Might wanna specify more in the question. How is anyone not from Bakersfield gonna know of local bands?


----------



## Chickenhawk (Apr 27, 2010)

ittoa666 said:


> Suicide Silence
> Carnifex
> All Shall Perish
> Born of Osiris
> Whitechapel


 
Pretty much the definitive list. 
Suicide Silence play 8's on the new cd, but they ride the lower strings the whole time.
All Shall Perish actually PLAY their 7's, and have a pair of amazing guitarist.
BOO had Tosin Abasi in the line up for a while, 'nuff said.
Whitechapel is fucking killer. 
<--WC fanboy.

Fit for an Autopsy use 7's, and one of their guitarists is here (shreditup). 

Now, someone define good "deathcore", and then define "new/modern death metal"


----------



## ittoa666 (Apr 27, 2010)

Should we fly the skull and crossbones on this thread infinity?


----------



## Chickenhawk (Apr 27, 2010)

ittoa666 said:


> Should we fly the skull and crossbones on this thread infinity?


 






abso-fucking-lutley.

I'll start. I hate Carnifex. Their first album was decent (as the emergence of deathcore had just started, I guess) But the second album SUCKED. 

sounded to me like they wrote a random riff, then breakdown, then random riff, then breakdown, dissonite breakdown, random riff.

But, most metal heads I talk to seem to think the second album was better. Strange, considering most of my "metal" friends are Cannibal Corspe or Suffocation fanboys, and hate anything with breakdowns.


----------



## ittoa666 (Apr 27, 2010)

I love cannibal corpse, but all shall perish blows my mind every time. Price of existence is phenomenal. And I don't mind a GOOD breakdown, like one with a strange time sig or added notes that aren't based on the open e.
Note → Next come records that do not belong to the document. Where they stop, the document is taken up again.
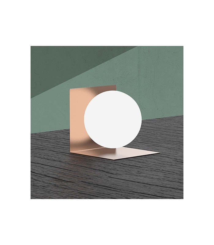 Table or bedside table lamp with frame in bent metal sheet available in white, black, satin gold and satin copper finishes.
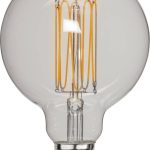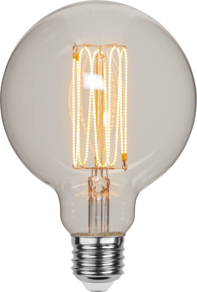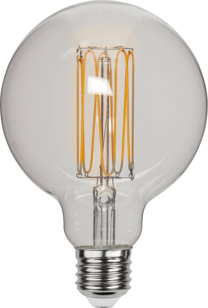 Koristeellinen LED-pallolamppu kirkkaalla lasilla ja ohuella 0,8 mm LED-filamentilla.
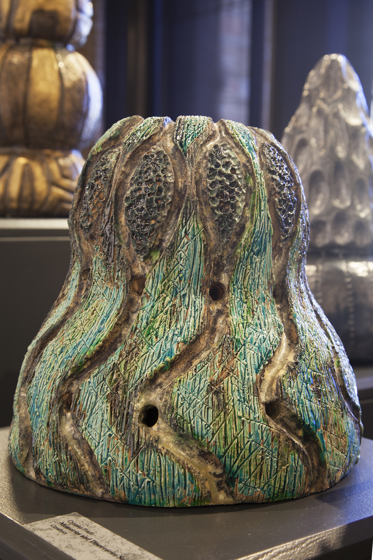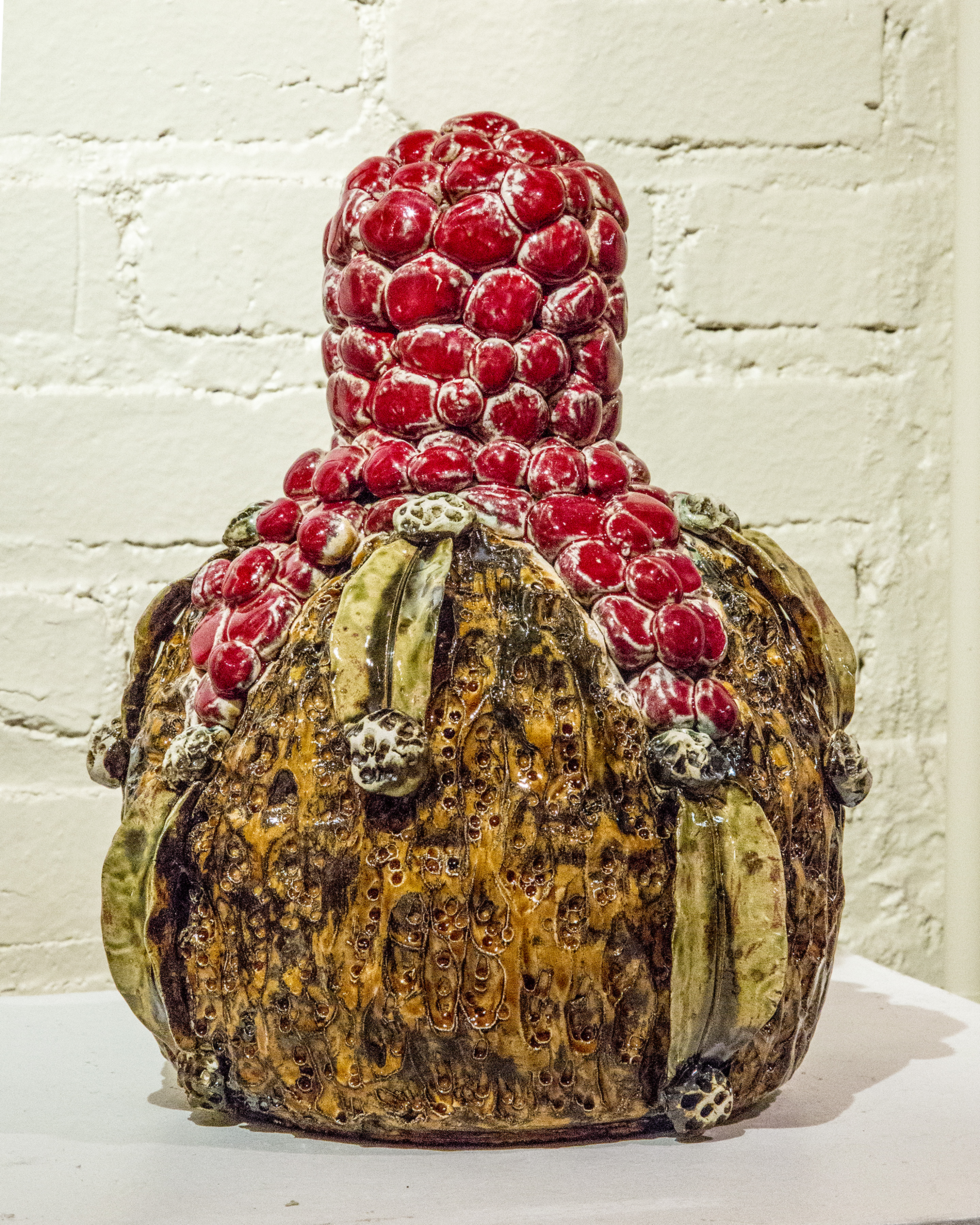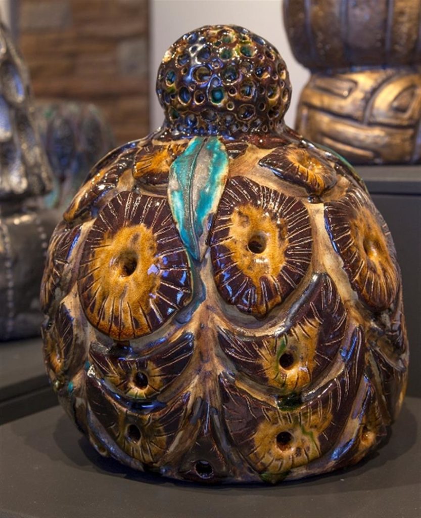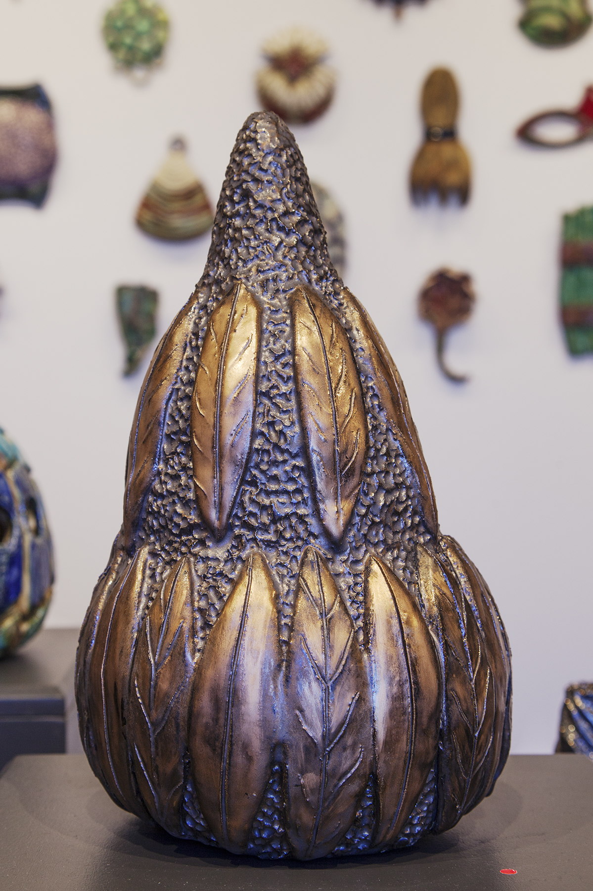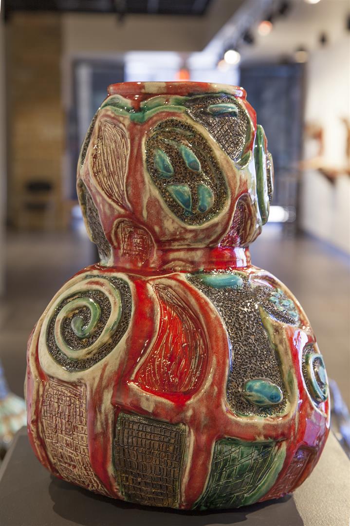 My vessels and gourds can provide information about my artistic inspirations. They are hand built with intricate textures and vivid contrasting colors that make them very unique.
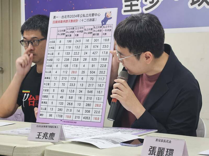 張姓家長代表也分享說,原本以為家裡小孩抽到公托很開心,但因為腸病毒停課,去年9月3日到9日停課後,13日又有疫情因此停課,整個9月幾乎都在停課下,育嬰假又要用「月」請,家裡的工作人口都需要貢獻休假,到最後媽媽乾脆請7個月育嬰假,但女性離開職場太久也不好,因此呼籲勞動部儘速研擬「日」為單位的育嬰假。
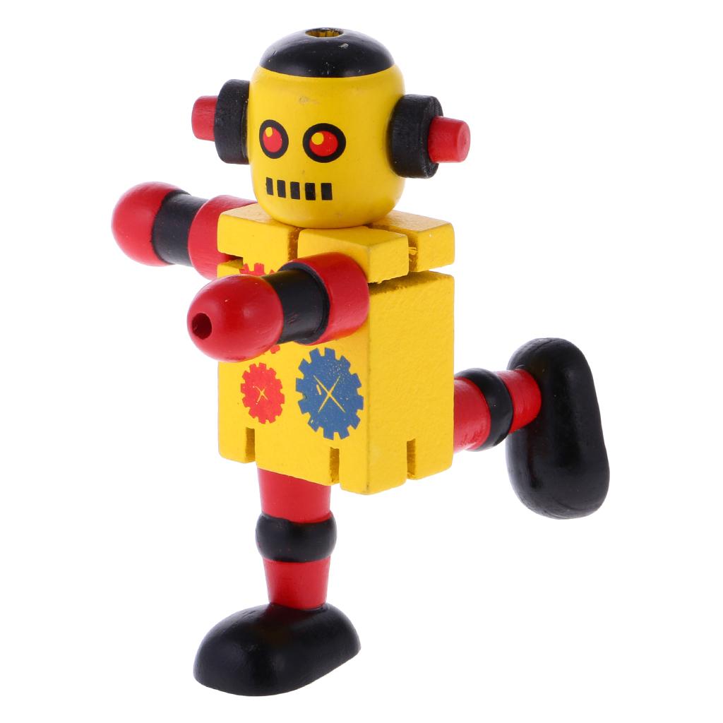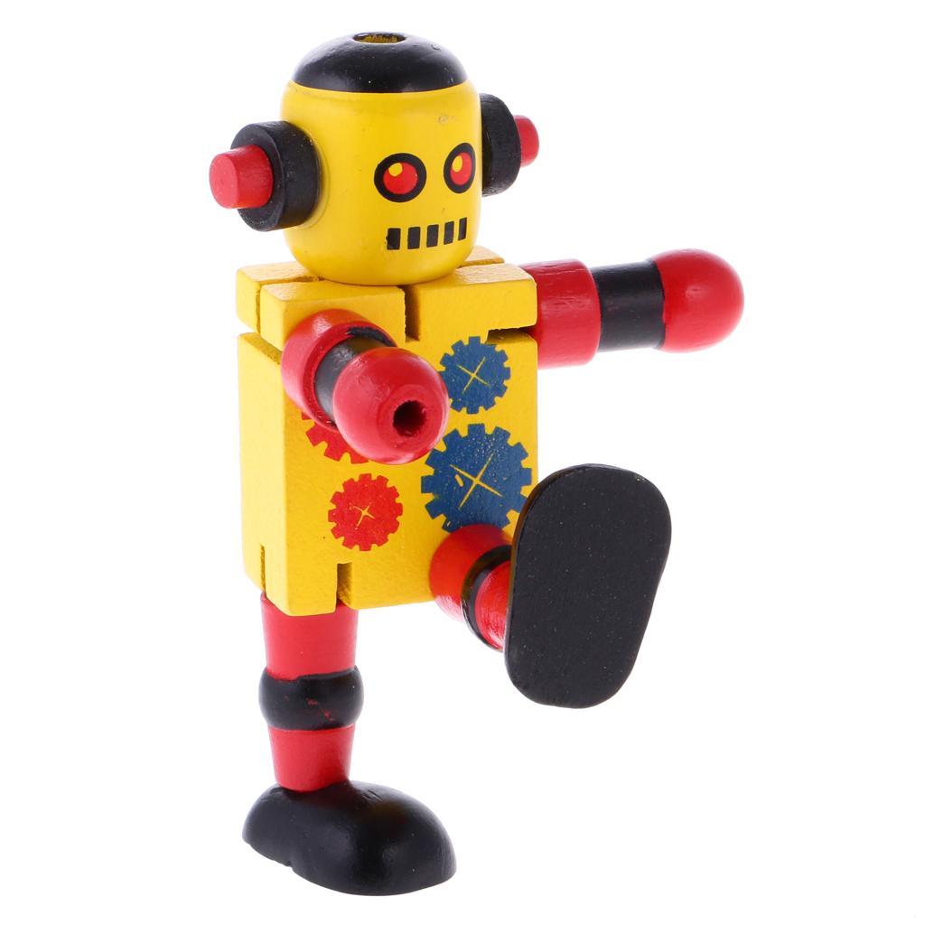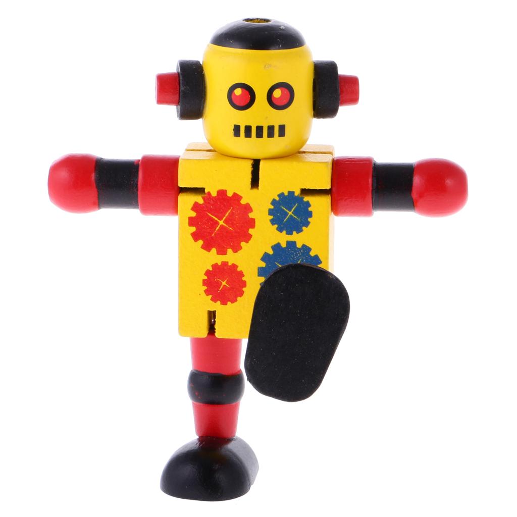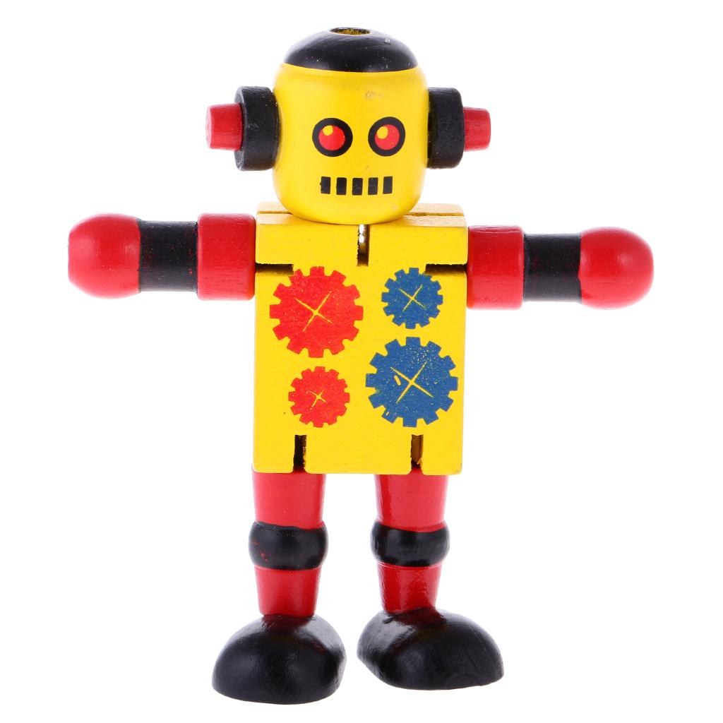 Mini Wooden Walnut Robot Toy Kids Gift Toy Walnut People Decor Yellow
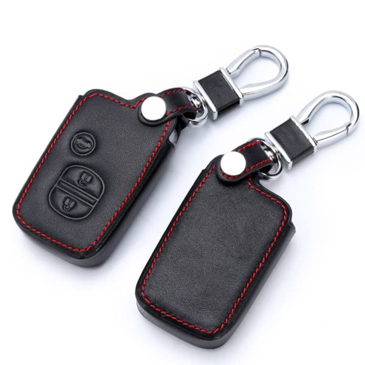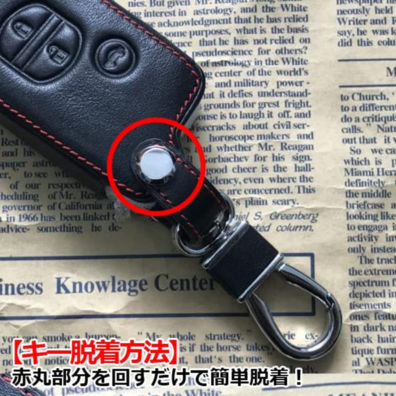 本革 レザーキーケースです。 ■専用設計のため、ぴったりフィット! ■内側には本革レザー、外側は汚れに強いPUレザーを使用! ■ボタン部分は刻印が打刻されており、しっかりとした凹凸のある造り! ■カラビナ付きで、そのままベルトループやバッグなどに取り付け可能! ■ブラックレザー×レッドステッチで高級感を演出! 【カラー】 ブラックレザー×レッドステッチ 【適合】 プリウス PRIUS プリウスα PRIUSα ヴィッツ Vitz アクア AQUA SAI ラクティス Ractis マークX Mark X ランドクルーザー 200系 Land Cruiser iQ アベンシス AVENSIS カローラ COROLLA カローラ フィールダー COROLLA FIELDER カローラ アクシオ COROLLA AXIO など ※画像のキー形状であれば適合します。
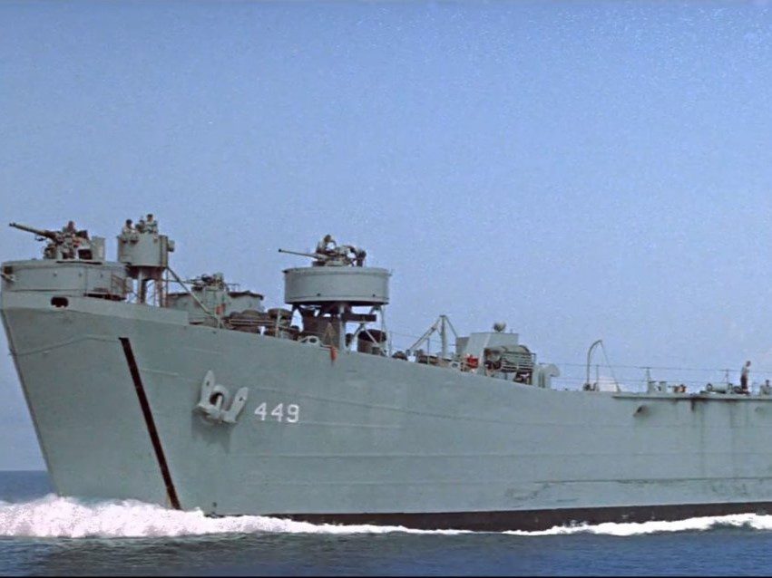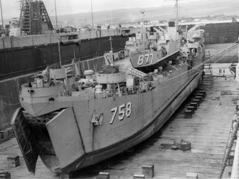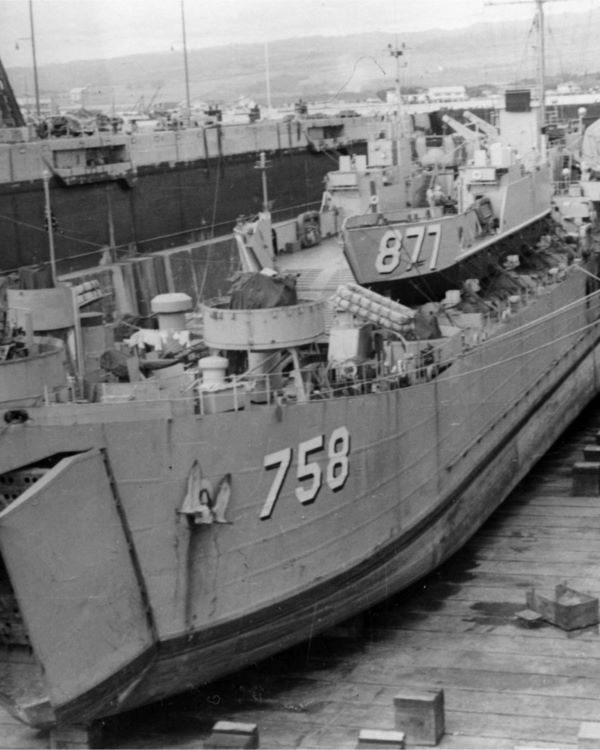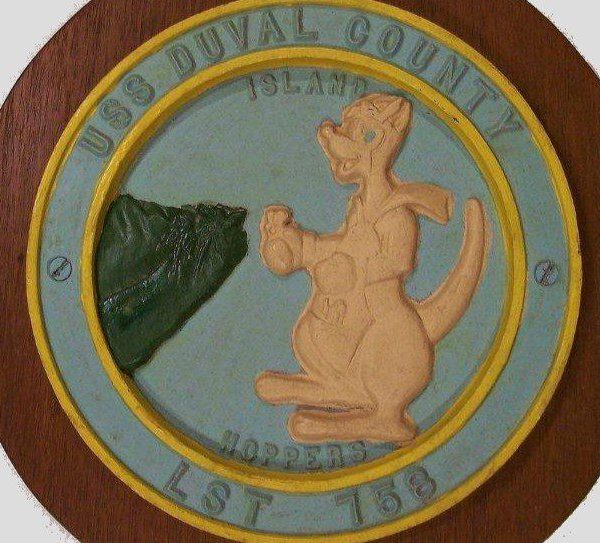 Built by American Bridge Company at the Ambridge Manufacturing Plant in Ambridge, PA. Launched July 25, 1944. Commissioned USS LST-758 on August 19, 1944. During World War II, USS LST-758 was assigned to the Asiatic-Pacific Theater. Participated in three campaigns including Iwo Jima operation (Assault and occupation of Iwo Jima, February 19 to 26, 1945), Okinawa Gunto operation (Assault and occupation of Okinawa Gunto, April 2 to May 30, 1945), and Minesweeping operations Pacific (Fukuoka (Kyushu-Korea Area), November 28 to December 14, 1945). USS Duval County earned three battle stars for World War II service and four battle stars for Korean service as USS LST-758. Following World War II USS LST-758 was assigned to Occupation and China service in the Far East for the following periods: September 20 to 25, 1945 and February 15 to 17, 1953. Decommissioned on July 13, 1946 and laid up in the Reserve Fleet. Recommissioned on November 3, 1950 with a US Navy crew. During the Korean War USS LST-758 participated in the following campaigns: UN Summer-Fall Offensive (July 12 to September 2, 1951 and October 29 to November 23, 1951); Korean Defense Summer-Fall 1952 (November 14 to 20, 1952); Third Korean Winter (December 10 to 18 and 22 to 23, 1952; January 3 to 31, 1953; March 14 to 30, 1953; and 12 April 7 to 12 1953); Korean Summer-Fall 1953 (July 7 to 8, 13, and 24 to 27, 1953). Named Duval County (LST-758) on July 1, 1955. Decommissioned on October 13, 1969. Custody transfer to the Maritime Administration (MARAD) for lay up in the National Defense Reserve Fleet, James River, Lee Hall, VA. Struck from the Naval Register on November 1, 1976. Final Disposition, sold for scrapping by MARAD on August 18, 1981, to North American Smelting Co., for $81,111,11.
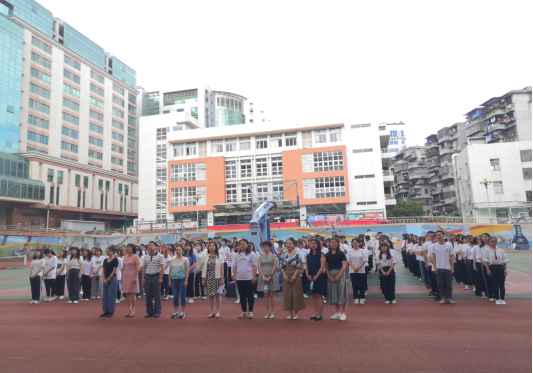 升旗仪式的第三部分是全体师生一起合唱“我和我的祖国”,有一种旋律,拨动我们的心弦;有一种声音,点燃我们的激情。师生们饱含热泪,唱出每个人心里话:“我和我的祖国,一刻也不能分开...”深深的爱国情怀随着旋律流淌,我们用最真诚的歌声唱出对祖国的热爱和祝福。
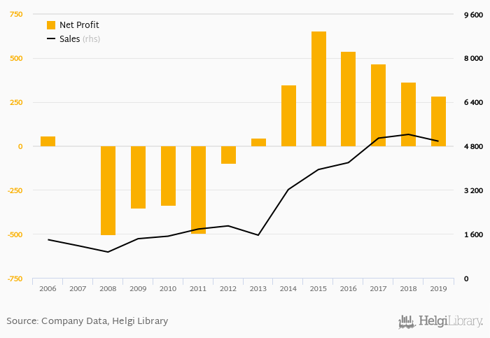 Sales have grown by 13.3% a year on average since 2009. They reached a high of CZK 5,219 mil in 2018 and a low of CZK 939 mil in 2008.
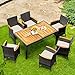 7-Piece Outdoor Dining Furniture Set: This outdoor rattan dining furniture includes an acacia table and 6 rattan chairs with cushions. It features a stylish appearance, which is suitable for outdoor places such as gardens, poolside and backyards. Whether serving meals with family or chatting with friends, this rattan dining table set is the perfect solution for outdoor leisure.
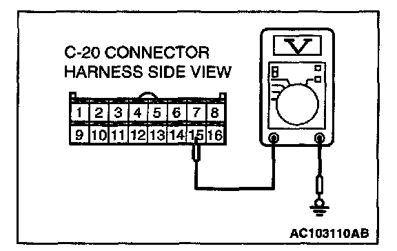 STEP 2. Check the output circuit voltage at auto-cruise control-ECU connector C-20 (terminal number 15) by backprobing.

I never got into carnifex just cause I figured they were just a bad SS ripoff. They follow the riff-breakdown-riff-breakdown formula to close for me to enjoy it. 

I really consider Dying Fetus and The Red Chord the only "real" deathcore bands.


----------



## Chickenhawk (Apr 27, 2010)

ASP bored me with the new album. Sounded like they were just trying to break away from the 'deathcore' thing, by playing as fast as possible, and shoving a sweep into every space they could. 

The Red Chord is crushing. I love them.


----------



## Metalus (Apr 27, 2010)

Through The Eyes Of The Dead (They use JP7's)
Chelsea Grin (I think)
Oceano


----------



## ittoa666 (Apr 27, 2010)

infinitycomplex said:


> ASP bored me with the new album. Sounded like they were just trying to break away from the 'deathcore' thing, by playing as fast as possible, and shoving a sweep into every space they could.
> 
> The Red Chord is crushing. I love them.



I didn't even bother downloading that album, which shows how much I cared about it. I love chris's playing, but the songwriting was a bit lacking. It can't top PoE. Can anyone top Eradication?

The Red Chord is my favorite live band. So much energy onstage, and they make it fun.


----------



## Chickenhawk (Apr 27, 2010)

ittoa666 said:


> I didn't even bother downloading that album, which shows how much I cared about it. I love chris's playing, but the songwriting was a bit lacking. It can't top PoE. Can anyone top Eradication?
> 
> The Red Chord is my favorite live band. So much energy onstage, and they make it fun.


 
Agreed, PoE was an amazing album. I bought the newest album based on PoE  screwed myself out of $16.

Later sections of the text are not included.